I had a brilliant thought over the weekend while trying to carve a pumpkin using a steak knife. At some point I will create some kind of wooden handle that provides a more natural feel. Sorry I didn't take a pic of the tool I actually made.

Stuff needed:
- Palm-sized razor blade scraper like shown below.
- Jigsaw blade(s)

Loosen the screw just enough to slide the jigsaw blade into the assembly.
Make sure the notch at the end of the blade is resting on the screw and the smooth side of it is resting on the peg on either end of the scraper.
Screw it back together tightly...

You've just created a durable pumpkin carving saw. Why not just use a jigsaw? It's hard to control and stay in the lines of a pattern.

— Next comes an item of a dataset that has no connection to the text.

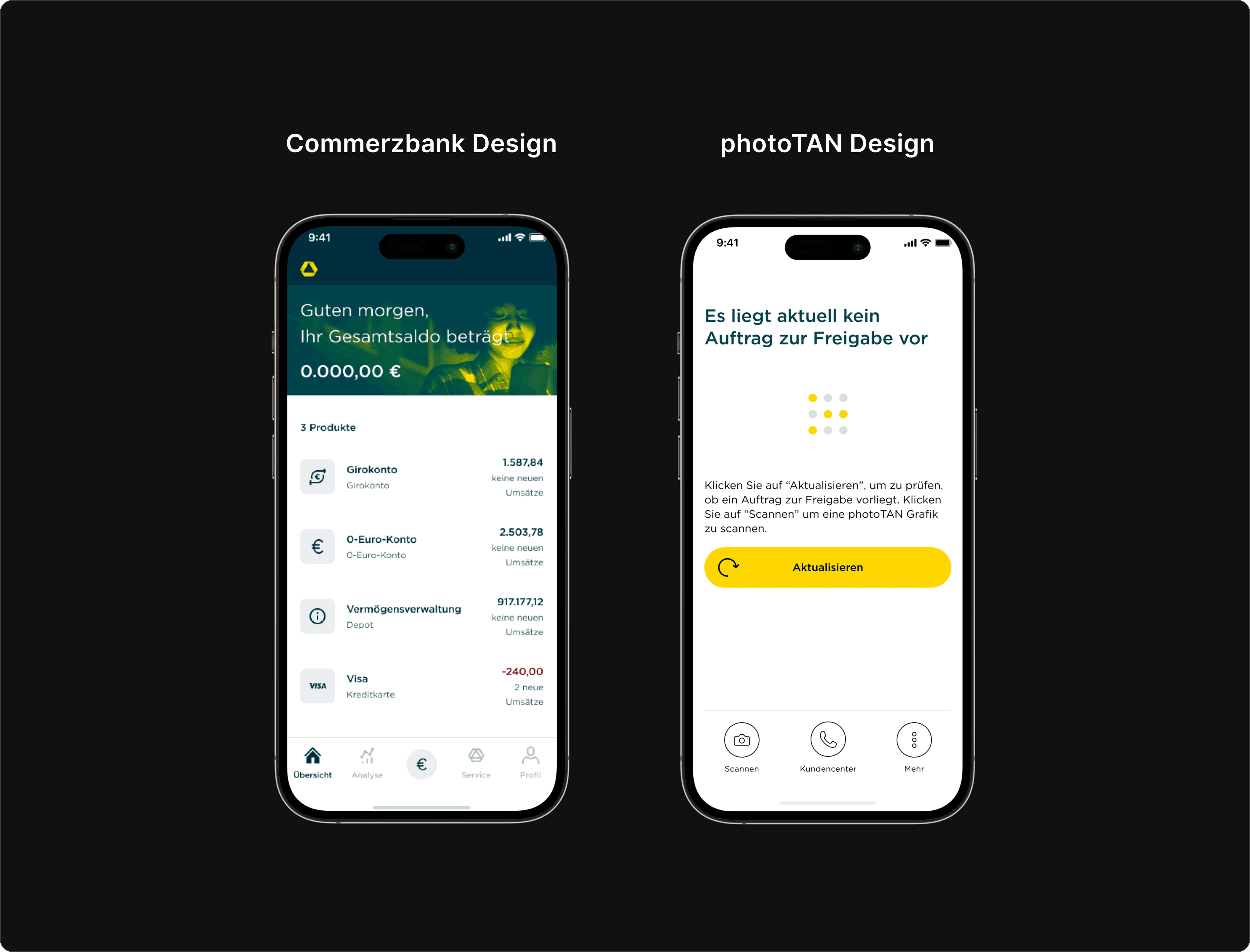 After choosing the approach, I moved on to the visual part. During my research and collaboration with the bank’s internal team, I discovered that the photoTAN design system hadn't been updated in over 5 years, while the main banking app had a completely different look. This inconsistency impacted user perception of the product and affected Commerzbank's brand image.

Next project... a modified paint stirring drill attachment to make short work of gutting the pumpkin.


----------



## RoxyBlue (Oct 6, 2008)

I want to see a video of the results of putting a paint stirring drill attachment into the guts of a pumpkin

We've killed more than one pumpkin carving saw (those cheap plastic ones you get in a carving kit), so having something more durable is always a good idea if you do any serious pumpkin carving.


----------



## willow39 (May 5, 2015)

woooww... picture please for the result?


----------



## kprimm (Mar 14, 2009)

The saw to use is the one sold by Zombie pumpkins. The best I have ever used, and I carve a lot of pumpkins.


----------



## willow39 (May 5, 2015)

nice cut


----------